Local Type Inference vs Instance

The motivation for forbidding type inference for fields and method returns is that APIs should be stable; field access and method invocation are linked by descriptor at runtime, so things that cause subtle changes to inferred types could cause existing compiled clients to break in terrible ways if a change to the implementation caused the inferred type to change (modulo erasure.) So using this for implementation, but not for API, is a sensible guiding principle.

It is reasonable to ask "so, what about private fields and methods?" And indeed, we could well have chosen to do that. Like all design decisions, this is a tradeoff; it would enable inference to be used in more places, in exchange for more complexity in the user model. (I don't care as much about complexity in the spec or the compiler; that's our problem.) It is easier to reason about "inference for local variables yes, fields and methods no" than adding various epicyclic considerations like "but, fields and methods are OK if they are private". Drawing the line where we did also means that the compatibility consequences of changing a field or method from private to nonprivate doesn't have accidental interactions with inference.

So the short answer is, doing it this way makes the language simpler, without making the feature dramatically less useful.

Various reasons:

1. Visibility and type are orthogonal - one shouldn't impact the other. If private variables could be initialized with var, you'd had to change that when making them protected or public.

2. Because var uses the right-hand side to infer the type, such private fields always needed to be initialized right away. If moving initialization into a constructor, you'd have to make the type explicit.

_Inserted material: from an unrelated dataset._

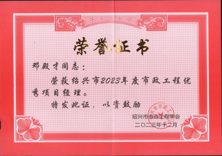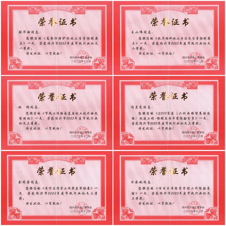 環(huán)宇集團榮獲2023年紹興市市政行業(yè)先進單位,鄧殿才榮獲2023年紹興市市政工程優(yōu)秀項目經(jīng)理,張華潮撰寫的《高架防撞護欄施工質(zhì)量控制要點》榮獲紹興市市政行業(yè)優(yōu)秀論文一等獎,王小偉撰寫的《抗浮錨桿施工方法及質(zhì)量控制要點》榮獲優(yōu)秀論文二等獎,施楊、馮皇良、金周榮、任承斌四人撰寫的論文榮獲優(yōu)秀論文三等獎。

3. With var the compiler can infer types that you can currently can't express in Java (e.g. intersection types like Comparable & Serializable). You might of course end up relying on those specific types and when you have to stop using var at some point for any reason, you might have to refactor quite a lot to keep your code working.

It’s not like it was entirely impossible to turn these variables into fields that can be inspected via Reflection. E.g., you can do

var l = new ArrayList<String>();
l.add("text");
System.out.println(l);
System.out.println(
  new Object(){ { var x = l; } }.getClass().getDeclaredFields()[0].getGenericType()
);

In the current version, it just prints ArrayList, so the actual generic type has not been stored in the class file of the anonymous inner class and it’s unlikely that this will change, as supporting this introspection is not an the actual goal. It’s also just a special case that the type is denotable like ArrayList<String>. To illustrate a different case:

var acs = true? new StringBuilder(): CharBuffer.allocate(10);
acs.append("text");
acs.subSequence(1, 2);
System.out.println(
  new Object(){ { var x = acs; } }.getClass().getDeclaredFields()[0].getGenericType()
);

The type of acs is an intersection type of Appendable and CharSequence, as demonstrated by invoking a method of either interface on it, but since it is not specified whether the compiler infers #1 extends Appendable&CharSequence or #1 extends CharSequence&Appendable, it is unspecified whether the code will print java.lang.Appendable or java.lang.CharSequence.

I don’t think that this is an issue for a synthetic field, but for an explicitly declared field, it might be.

However, I doubt that the expert group considered such impacts en detail. Instead, the decision not to support field declarations (and hence skip lengthy thinking about the implications) was made right from the start, as local variables always were the intended target for that feature. The number of local variables is much higher than the number of field declarations, so reducing the boilerplate for local variable declarations has the biggest impact.